= All-Ukrainian Revolutionary Committee =

Organisation (19191920)

All-Ukrainian Revolutionary Committee (Всеукраїнський Революційний Комітет) was a temporary supreme body of Soviet power in Ukraine that was created by the Central Executive Committee and the Council of People's Commissars on December 11, 1919, and existed until February 19, 1920. The committee possessed both legislative and executive powers and was based in Homel.

Initially it was composed of five members: Grigoriy Petrovsky (chair), Dmitriy Manuilsky, Volodymyr Zatonsky (all Bolsheviks), Hryhoriy Hrynko (Borotbist), and Volodymyr Kachynsky (Borbyst). Later the number of members was increased to eight with Christian Rakovsky, Vlas Chubar, and Myron Vladimirov.

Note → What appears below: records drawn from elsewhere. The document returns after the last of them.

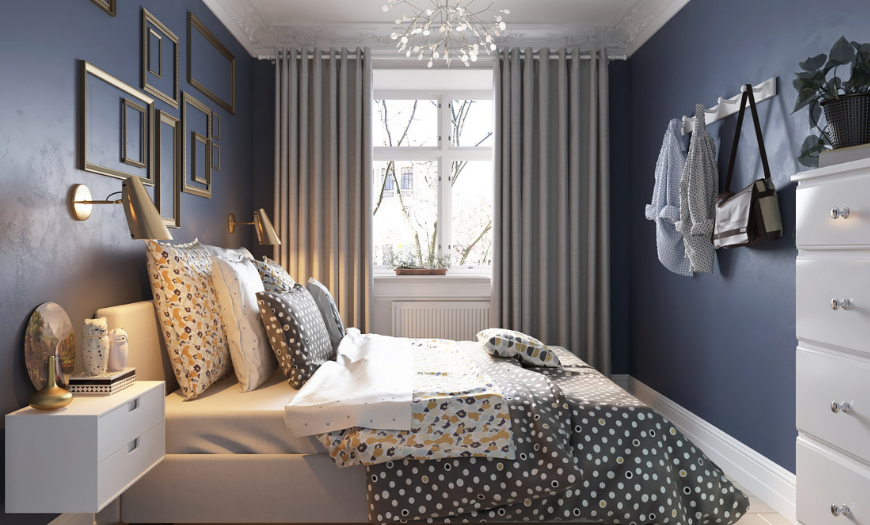 Если же без шкафа никак не обойтись, лучше поставить его в самый темный угол, где на нем реже всего остановится взгляд. На большинстве фото планировок спальни показано именно такое решение.
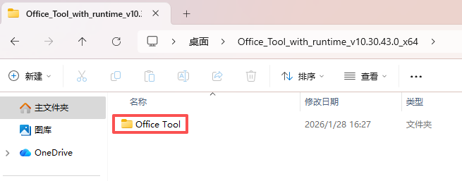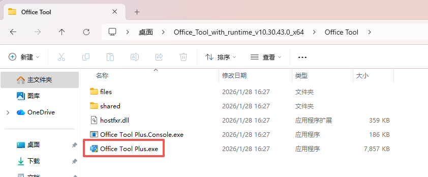 解压后,找到目录里的带蓝色图标的Office Tool Plus.exe,双击运行。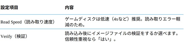 不安な場合は、読み取り速度を落とすことでエラーが減るケースもあります(環境次第)。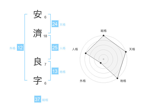 安濟 良字さんの総格は37画の5点!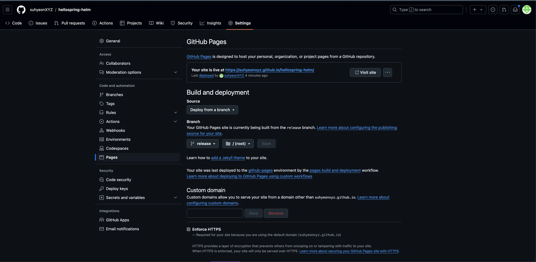 - helm repo를 호스팅하려면 git repository를 Pages로 호스팅한다.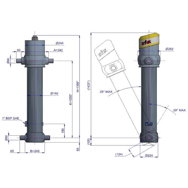 Цей циліндр є лише підйомним пристроєм. Його не слід використовувати як елемент конструкції і не слід піддавати бічним навантаженням. Перекидальний клапан повинен мати скидання тиску на отворі циліндра, встановлене не вище макс. робочого тиску Перевірте максимальне навантаження на циліндр. Робочий діапазон температур становить від -40°C до +80°C. Максимальна тривалість висування становить 0,5 години (за винятком загартованих ступенів із твердим хромуванням). Циліндр пофарбований у чорний колір (RAL9005) з мінімальною товщиною покриття, що відповідає 480-годинному випробуванню в нейтральному сольовому тумані згідно з ISO 9227. ¹ Обмежувач ходу циліндра Hyva.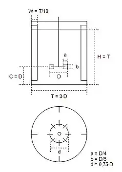 The Rushton turbine or Rushton disc turbine is a radial flow impeller used for many mixing applications (commonly for gas dispersion applications) in process engineering and was invented by John Henry Rushton.[1] The design is based on a flat horizontal disk, with flat, vertically mounted blades.[2] Recent innovations include the use of concave or semi-circular blades.[3]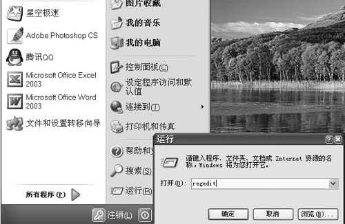 第一步:单击[开始]→[运行],在“运行”对话框中输入“regedit”(如图1)。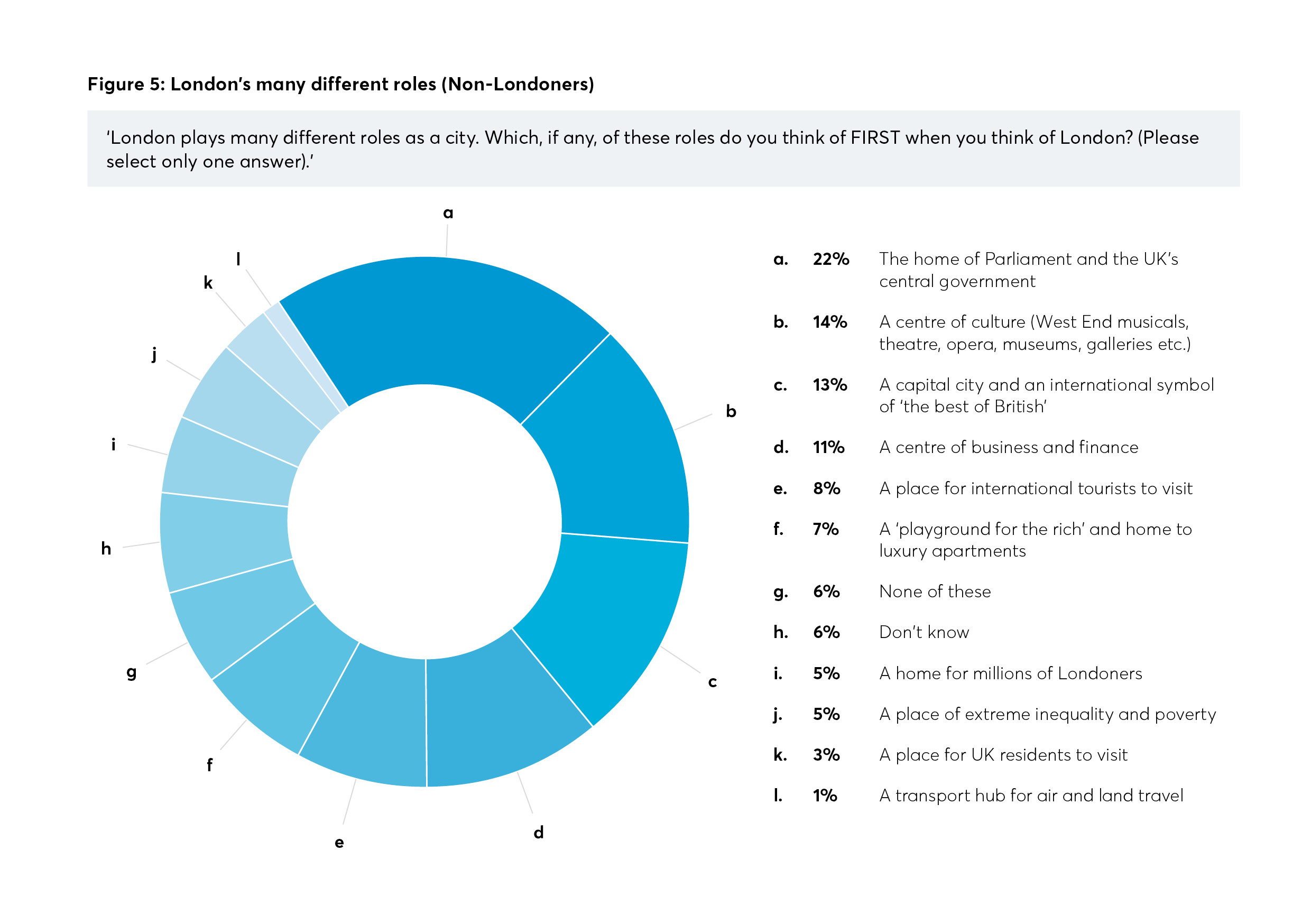 We began by testing which of the capital’s many roles first comes to mind when Londoners and non-Londoners think of ‘London’. As Figure 5 demonstrates, for those outside of the capital, London’s role as the seat of national government was the number one result by some margin, with its cultural offering (West End shows, national galleries and museums) and its role as a capital following, albeit some way behind. However, if we look only at those non-Londoners who visit London once a year or more, ‘centre of culture’ comes first (20 per cent), with national government falling to third (17 per cent) after London’s role as the capital of the UK (18 per cent). Londoners, on the other hand, think of London primarily as the UK’s capital city (19 per cent), and as a home to Londoners (18 per cent) Despite being home to the majority of national cultural institutions and sports venues, just 3 per cent of non-Londoners thought of the capital as a place for UK residents to visit.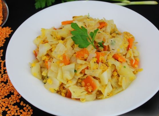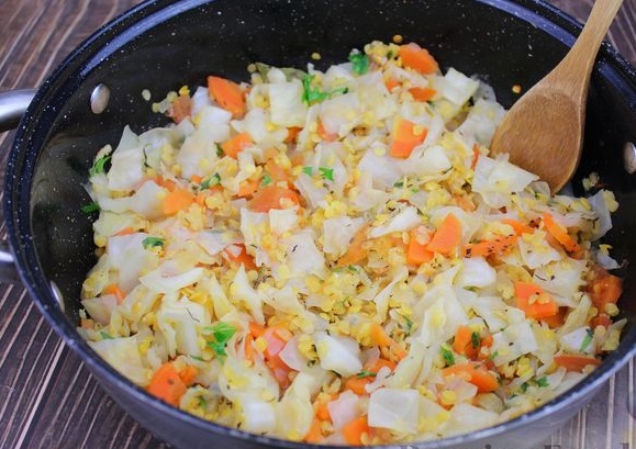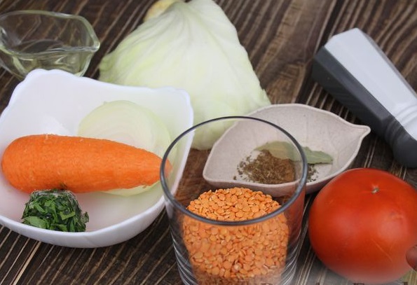 Stewed cabbage is not uncommon on our table. Often such a dish serves as a side dish. But what to do on days when neither fish nor meat is on the menu? Add nutritious and healthy lentils to stewed cabbage with carrots and onions, and you get a full-fledged lunch or dinner, hearty and tasty. Thanks to the spices, the dish turns out to be very aromatic, and the tomato adds a slight sourness!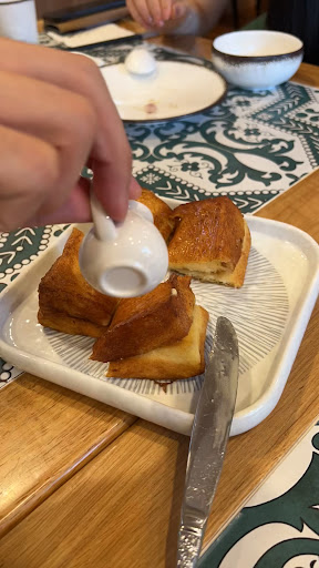 法蘭西哆士(花生) 看起來是熱量很高的一道料理,但一定要點好嘛!!!真的是非常好吃的甜點!微脆鬆軟的吐司外層把奶油均勻抹開後切開會有濃濃的花生流出來,看似乎很油很甜膩,但其實並不會,大小掌握得很剛好,就算是自己吃完一份也不會太膩的大小。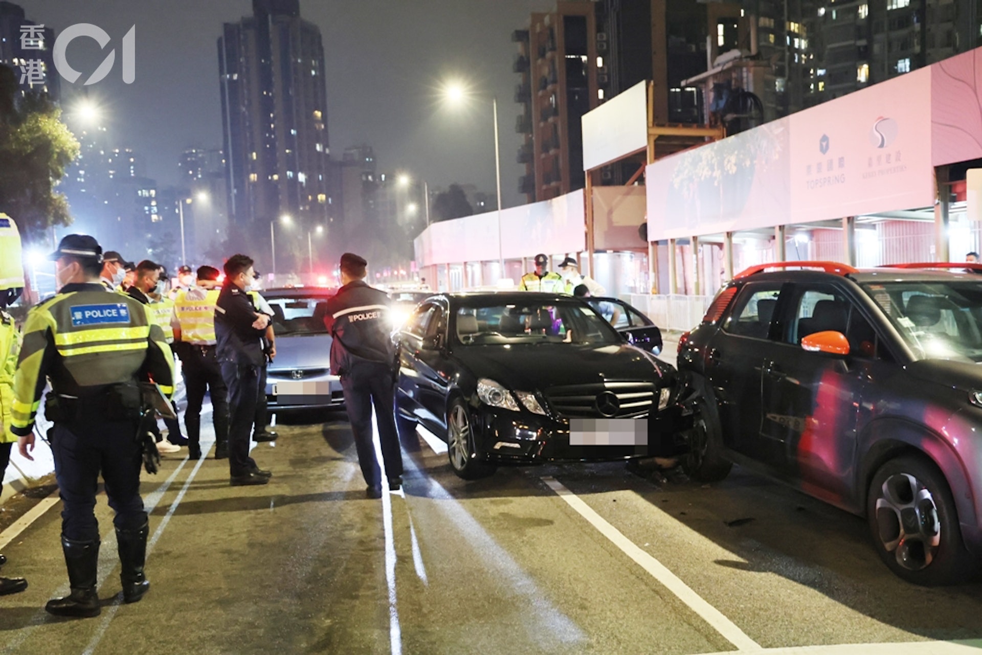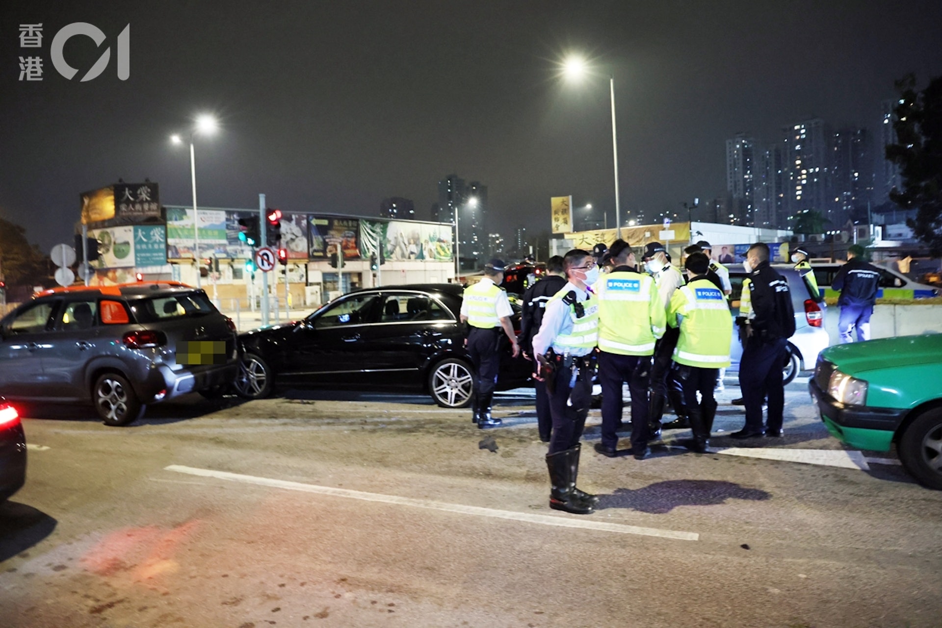 & y4 F9 }% I0 B至於無辜被撞的有3輛私家車及1輛的士,沒有人受傷。警方將案件交由新界北交通意外調查組跟進。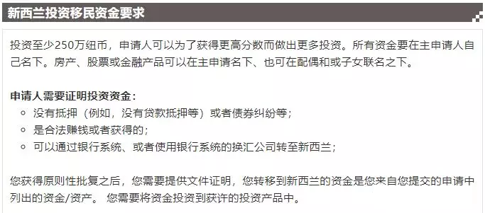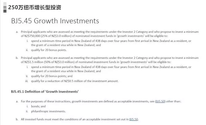 从表格可以看到,二类投资移民,用投资标的来划分了两个投资额度,如果是选择新西兰国债+QDII的方式,那么需要将300万纽币投资该国债QD超过4年;如果投资组合中至少有150万纽币是选择房产或风险投资,那么可以把300万的总投资额度降低到250万。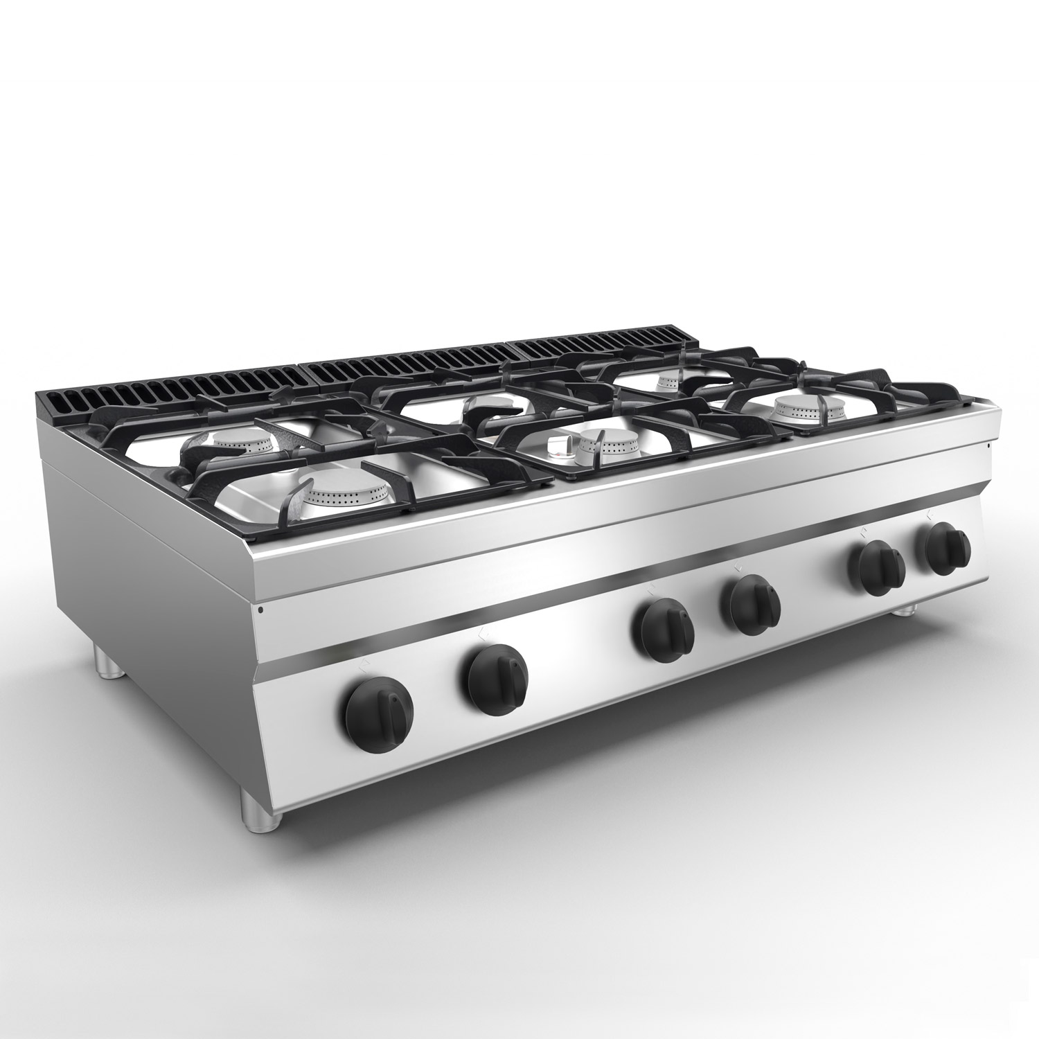 – Gas range hobs with 6 x 7,7 kW burners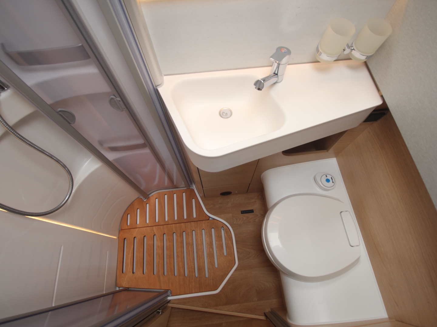 De ruime badkamer met wastafel heeft een Thetford toilet met extra kastruimte en een aparte grote douchecabine.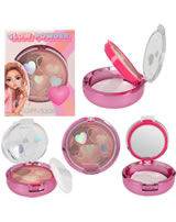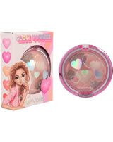 For a very special glow on the face: The TOPModel shimmer powder in a round folding container gives a subtle color shine in different skin and brown tones. With a slightly raised heart pattern in the powder as well as a mirror and a sponge.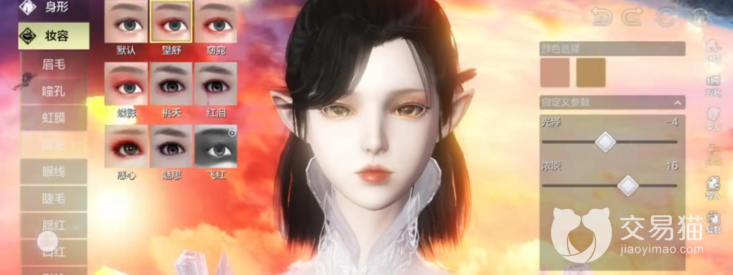 眼影这里选择望舒,光泽-4,浓淡16。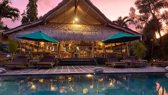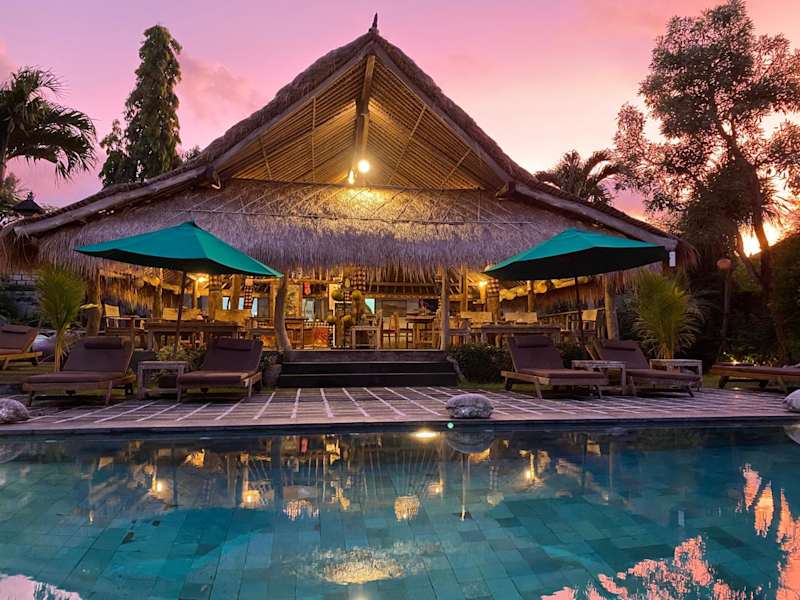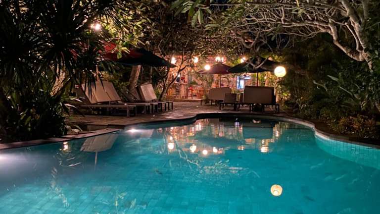 Das Restaurant im Freien bietet eine abwechslungsreiche Auswahl an balinesischen, indonesischen und internationalen Gerichten. Die Gäste können ihre Speisen neben dem Pool geniessen.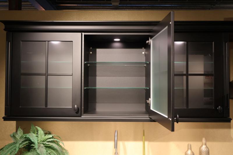 Deze zwarte Landelijke keuken heeft o.a. luxe ladekasten, vaatwasser, fornuis, koelkast, 4 vierkante vitrine kasten en een apothekerskast.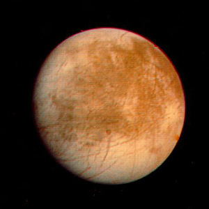 Esta imagem, obtida por uma das Voyager, mostra a face "suja" de Europa, na qual o gelo se apresenta coberto por materiais que lhe dão um aspecto avermelhado. Crédito: NASA.

The committee's secretary was Veniamin Yeroshchenko.

The committee issued many important resolutions among which were:
- "about the basic principles of land affairs in Ukraine"
- "announcing Nestor Makhno and his supporters as outlaws"
- "about War Policy in Ukraine"
- "unification and cooperation between Ukrainian SSR and Russian SFSR"
- "application of highest measure of punishment in Ukraine"
- "to workers and peasants of Ukraine"
- "Temporary Provisions on the organization of Soviet power in Ukraine" (December 22, 1919)

On January 27, 1920, the committee extended onto the territory of Ukraine validity of the decrees of the Russian SFSR.